Could Drones Help Big Data Reach The Sky?

Drones are now common around the world, but we see how they have data potential


Drones have been thought of as having two uses since they have become well known. These are bombing people and delivering things to people.

Amazon, Google and Dominos have had well documented experiments with these to try and crack the elusive 30 minute unmanned delivery barrier. The American military have also been using unmanned drones to controversially destroy targets for several years, killing thousands of enemy combatants and reportedly civilians in the process.

However, it seems that drones have gone beyond these limited uses.

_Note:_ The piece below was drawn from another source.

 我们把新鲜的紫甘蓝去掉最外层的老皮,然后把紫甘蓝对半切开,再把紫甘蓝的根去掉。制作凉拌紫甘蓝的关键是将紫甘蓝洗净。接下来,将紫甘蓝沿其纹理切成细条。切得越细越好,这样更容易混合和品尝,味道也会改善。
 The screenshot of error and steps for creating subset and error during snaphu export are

Even in the civilian space, it is possible to get a drone that allows you to take photos or video of difficult to reach places. The uses of these can go beyond interesting videos though, they can be used for the imaging of large areas without the expensive necessity of a traditional aircraft. This can create vast amounts of images that can then be analysed.

These can be used for industrial means, for instance a farm could utilise a drone to quickly see the state of fields of crops that would not be possible from ground level. This would then allow farmers to be able to target what needs to be done in specific areas like pesticide spreading or leak repair. It means that they could both save money and time.

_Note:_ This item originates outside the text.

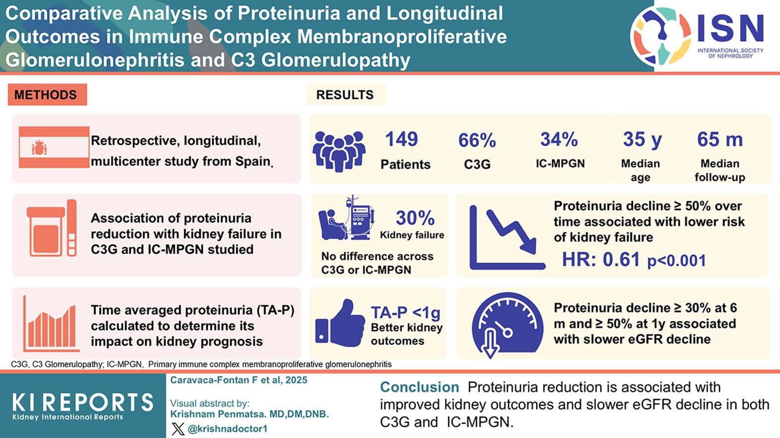 A ≥50% reduction in proteinuria was associated with slower estimated glomerular filtration rate decline and lower risk of kidney failure, whereas rising proteinuria independently predicted adverse outcomes, underscoring proteinuria as a dynamic prognostic biomarker.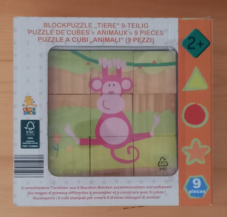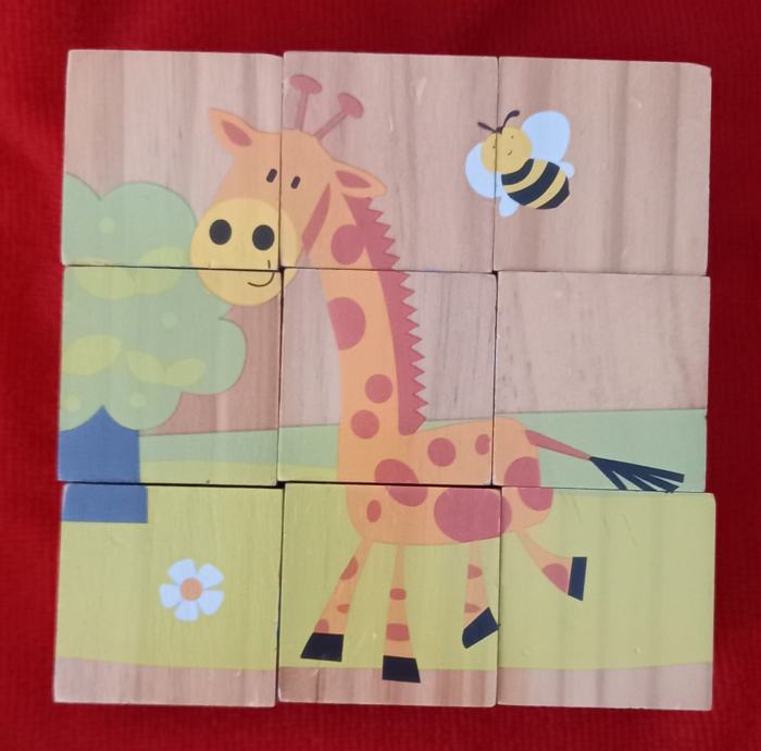 Otrok lahko sestavi slike kot slon, tiger, žirafa, opica, zebra in povodni konj zraven pa se še nauči poimenovanja živali.

Similarly with construction sites, it would be possible to map large areas accurately. According to Chris Anderson, CEO of 3DRobotics, drones have the potential to collect half a terabyte of data in an hour, meaning that measurements and high quality images could be used to model an area and create realistic plans significantly faster than we can at the moment.

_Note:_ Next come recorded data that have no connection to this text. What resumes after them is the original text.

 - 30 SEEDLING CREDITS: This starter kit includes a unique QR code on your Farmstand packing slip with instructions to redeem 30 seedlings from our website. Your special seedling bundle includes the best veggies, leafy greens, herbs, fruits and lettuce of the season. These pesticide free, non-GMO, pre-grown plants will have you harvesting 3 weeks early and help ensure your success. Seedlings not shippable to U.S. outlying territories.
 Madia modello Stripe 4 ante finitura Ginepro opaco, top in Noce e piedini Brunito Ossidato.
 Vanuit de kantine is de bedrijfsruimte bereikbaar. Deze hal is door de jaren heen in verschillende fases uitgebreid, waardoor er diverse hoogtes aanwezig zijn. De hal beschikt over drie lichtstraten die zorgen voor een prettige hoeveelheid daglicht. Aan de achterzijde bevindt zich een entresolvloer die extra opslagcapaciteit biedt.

The opportunity for businesses also comes hand-in-hand with the opportunity for humanitarian causes.

Drones were recently used in search and rescue operations in the Washington mudslides from March 2014 and they could be used in more remote areas of the world. Their capabilities could see them being deployed to remote areas of third world countries which have poor infrastructure and are therefore less suited to traditional search and rescue efforts. The data from these could help to co-ordinate rescue efforts to the places that need them most, without the need to communicate with these areas beforehand.

This technology has the potential to show us a level that we seldomly see, as Chris Anderson says, it could do for the sky what google street view, did for our streets.